=== Section Start ===

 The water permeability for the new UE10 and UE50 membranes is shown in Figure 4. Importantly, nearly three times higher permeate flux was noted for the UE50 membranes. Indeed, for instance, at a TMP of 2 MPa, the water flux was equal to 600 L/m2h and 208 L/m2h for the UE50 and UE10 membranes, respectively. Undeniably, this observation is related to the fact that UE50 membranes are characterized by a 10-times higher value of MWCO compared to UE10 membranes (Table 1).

=== Section End ===
=== Section Start ===

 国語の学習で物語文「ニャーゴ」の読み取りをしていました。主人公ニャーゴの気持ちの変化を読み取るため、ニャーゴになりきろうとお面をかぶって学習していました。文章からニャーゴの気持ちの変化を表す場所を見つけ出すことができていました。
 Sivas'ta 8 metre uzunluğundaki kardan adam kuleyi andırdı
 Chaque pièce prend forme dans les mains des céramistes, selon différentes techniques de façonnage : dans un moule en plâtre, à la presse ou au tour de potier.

=== Section End ===

One stretch of the lines above is wanted, from the line that contains "Sivas'ta 8 metre" through the line that contains "Chaque pièce prend". Output it exactly.

 Sivas'ta 8 metre uzunluğundaki kardan adam kuleyi andırdı
 Chaque pièce prend forme dans les mains des céramistes, selon différentes techniques de façonnage : dans un moule en plâtre, à la presse ou au tour de potier.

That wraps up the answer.